The lump that hadn't left her throat for the past several hours made it difficult to speak. "I'm so glad. I… wish I had time to get to know you and Caroline better. I wish I could stick around for your wedding, just to see it all through to the end."
He stilled with his glass to his lips. "Are you leaving us?"
"Yes. I have to."
"Why?"
"I've… come to see that I don't belong here," she said. "This is not my world, Perry. It never was. I can't tell you more than that."
Perry got up and strode to the sideboard. "It's Liam, isn't it? He blames you for all that's happened. The fool. I'll speak to him—"
"No. Please. There's nothing you can do."
His gaze was fixed on the row of bottles and glasses. "Then I was wrong to believe you loved him."
So smooth and aristocratic, his voice, and so devastating his words.
"I told you it wasn't something I can explain."
He muttered something about damnable pride and idiocy. "I see. And what will become of Liam?"
"He doesn't need a keeper. He certainly doesn't need me to babysit him." The glass in her hands was shaking, and she had to set it down. "I've done quite enough for him, don't you think?"
Perry lifted his glass to her in ironic salute. "You would have made an admirable colleague in my old profession, Rose. I confess I don't understand you."
"You don't have to. But if you feel I've done anything for you and Caroline, there's something I'd ask in return. It isn't much." She grasped the leather thong around her neck and pulled the chip of Maya stone from under her jacket and T-shirt. "You have a pendant like this one."
A flicker of surprise crossed his face. "That's Liam's. One of those we—"
"One of the two pendants you and Liam made four years ago," she said. "I want yours as well, Perry."
"May I ask why?"
She cupped the cool stone in her hand. "Call it a souvenir. You do have it, don't you?"
"Yes. In my rooms."
"Will you give it to me?"
He inspected her as if he could wring the full story out of her by sheer concentration. "Very well, Rose."
Thank God. "Then I have one more thing to ask. I need your help to arrange transportation back to the jungle as soon as possible."
"Back to the jungle? Surely—"
"I know what I'm doing, Perry." She stood up, testing her legs. They were prepared to hold her up now that the worst was past. "Liam has told me he plans to be out of town as soon as he's recovered enough to travel. I want to be gone by the time he gets back, whatever it takes." Her throat was aching, and she went on more briskly, "I'll need to borrow a little money. Just what I need to get back to Guatemala."
Perry steepled his ringers under his chin. "I suppose I can't convince you not to go ahead with this madness."
"No."
"Then I'll do what I can to help, of course."
"Thank you." She started for the door and paused. "I am glad to have known you, Perry.

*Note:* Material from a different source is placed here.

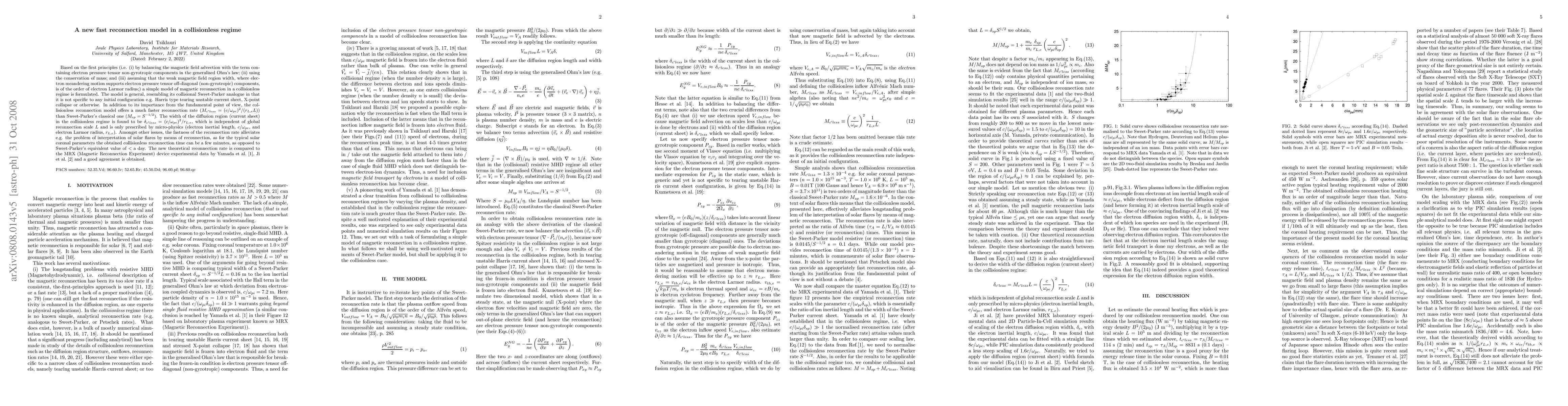 This paper proposes a new fast reconnection model in a collisionless regime, derived from first principles and micro-physical assumptions. The model predicts a much faster reconnection rate than the classical Sweet-Parker model, which is supported by experimental data from MRX device and can resolve the interpretation of solar flares.
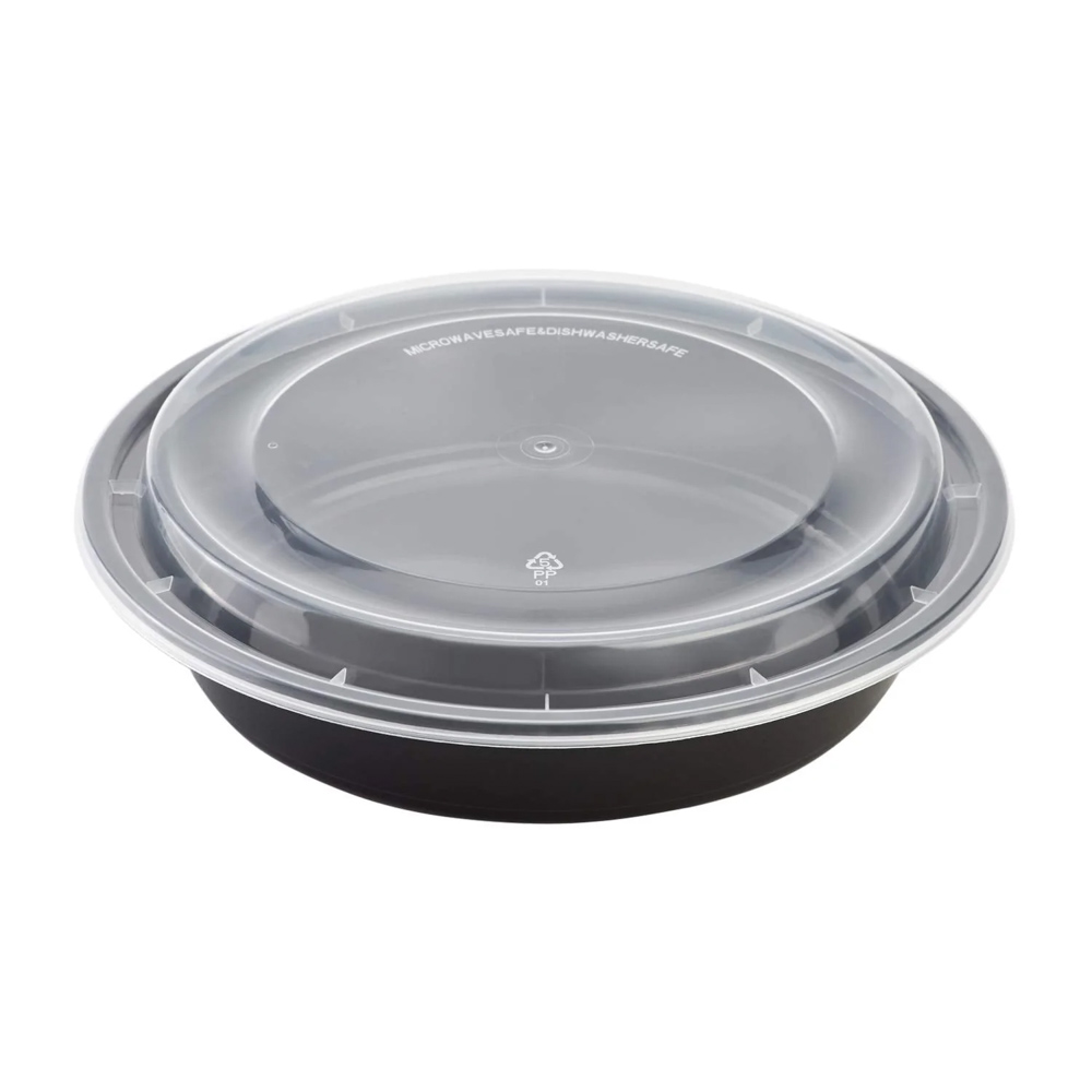 32OZ BLK/CLR ROUND MICRO BOWL W/ LID 150SET/CS IMFCR32

And Caroline."
"It isn't farewell just yet," he said.
But it would be very soon. In a matter of days she'd be beyond anyone's reach. Safe. With nothing more challenging before her than enduring a two-week sea voyage, tramping a couple hundred miles through the jungles, and trying to make a Maya time tunnel take her back to 1997.
Simple.
"I'll wait to hear from you," she said.
She walked down the echoing hall to the great front doors, Norton loyally by her side. At the threshold she knelt before the wolfhound, rubbing his ears between her fingers.
"Well, fella, this is it. I probably won't be seeing you again."
The dog thumped his tail against the polished floor. Mac fought to keep the tears in check just a little longer.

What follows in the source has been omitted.